The acceleration due to gravity on the earth's surface at the poles is $g$ and angular veocity of the earth about the axis passing through the pole is $\omega$. An object is weight at the equator and at a height $h$ above the poles by using a spring balance. If the weight are found to be same, then $h$ is
($h<<R$, where $R$, where $R$ is the radius of the earth)
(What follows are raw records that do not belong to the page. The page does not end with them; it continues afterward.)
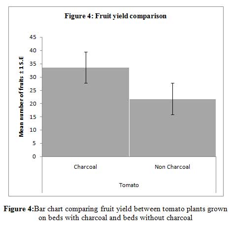 Figure 4: Bar chart comparing fruit yield between tomato plants grown on beds with charcoal and beds without charcoal. Click here to View figure |
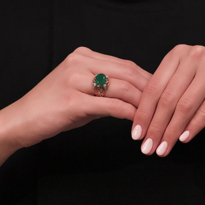 Кольцо с 20 бриллиантами природными, 0.07 карат, огранка круг 17 граней, цвет 2, чистота 2, тип огранки А; 1 ониксом зеленым природным, 4.25 карат; Розовое золото 585 пробы.
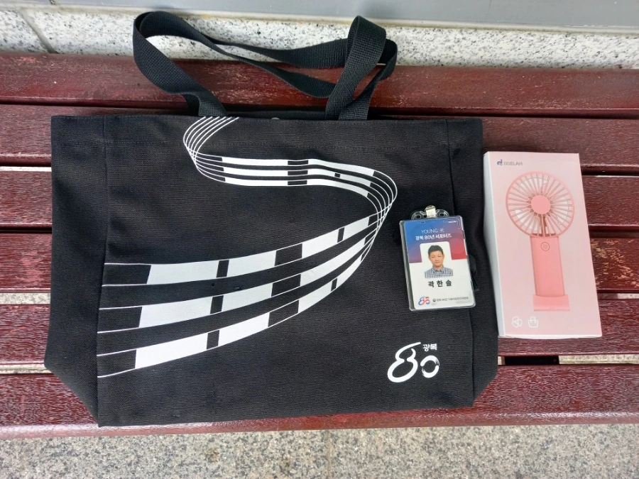 각 지역에서 10대부터 50대까지 다양한 연령대의 서포터즈들이 본 시작 시간보다 이른 시간에 속속들이 모였는데요. 바로 사전 등록과 단체 티를 착용하기 위해서였습니다. 명부 서명 후 서포터즈증과 가방을 수령받았는데 그 속에는 새하얀 단체 티와 함께 꼭 필요했던 휴대용 선풍기도 들어있었습니다. 모두 “광복 80”이라는 글씨가 새겨져 있어서 서포터즈로서 활동이 개시됨이 실감 나더라고요.
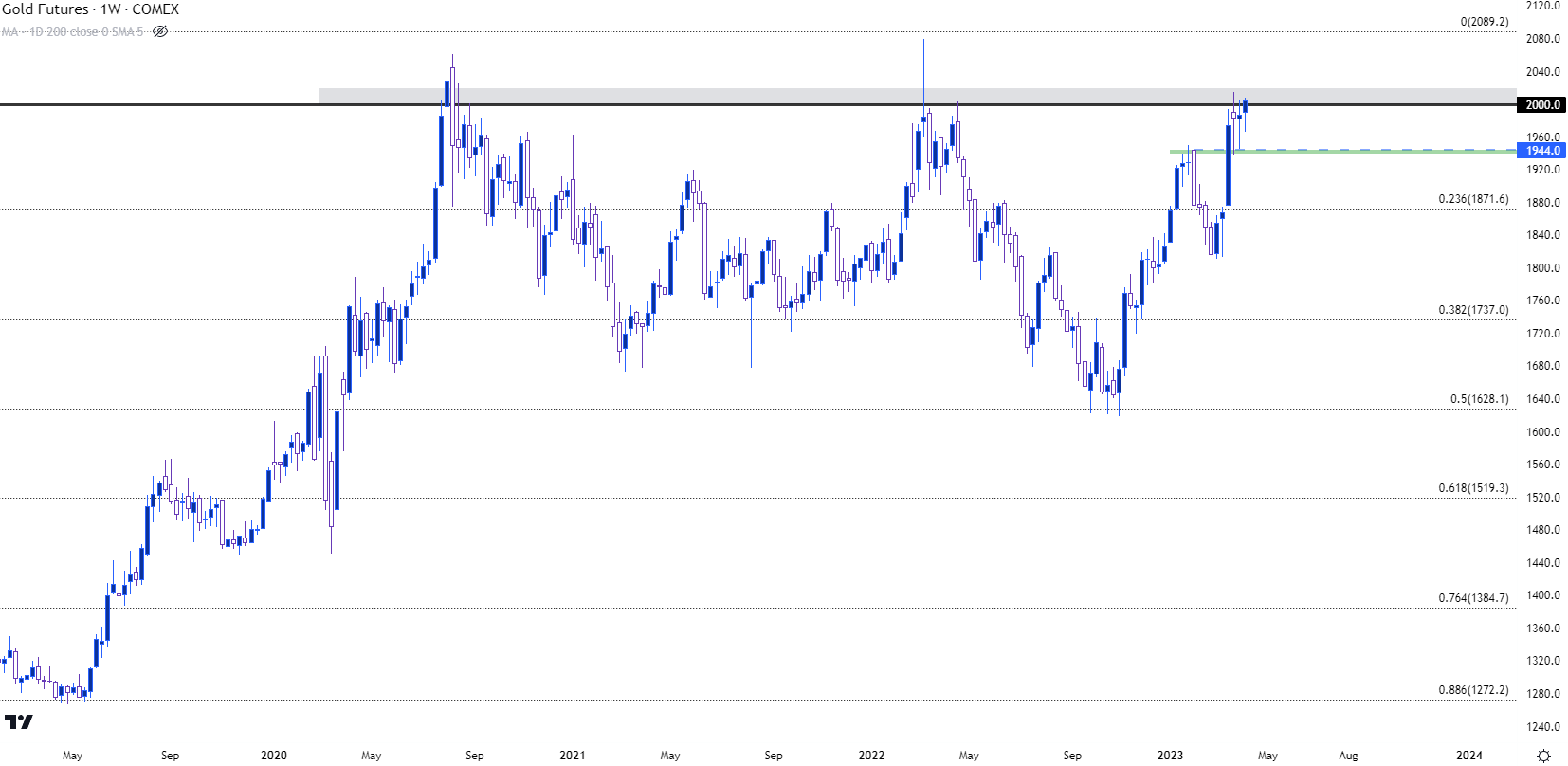 回到黄金周线图上,标出了在2k附近的阻力位。过去两次上破2k的测试都导致了至少400美元的回调。最近一次测试后,价格在2018-2020年主要走势的50%斐波那契回撤位才获得支撑。

• A. $\frac{R^2{\omega }^2}{2g}$
• B. $\frac{R^2{\omega }^2}{g}$
• C. $\frac{R^2{\omega }^2}{4g}$
• D. $\frac{R^2{\omega }^2}{8g}$

Answer 1

The correct option is A $\frac{R^2{\omega }^2}{2g}$

Value of $g$ at equator, $g_A=g-R{\omega }^2$
value of $g$ at height $h$ above the pole,

$g_B=g(1-\frac{2h}{R})$
As object weighed equally at the equator and poles, it means $g$ is same at these places.

$g_A=g_B$
$\Rightarrow g-R{\omega }^2=g(1-\frac{2h}{R})$
$\Rightarrow R{\omega }^2=\frac{2gh}{R}\Rightarrow h=\frac{R^2{\omega }^2}{2g}$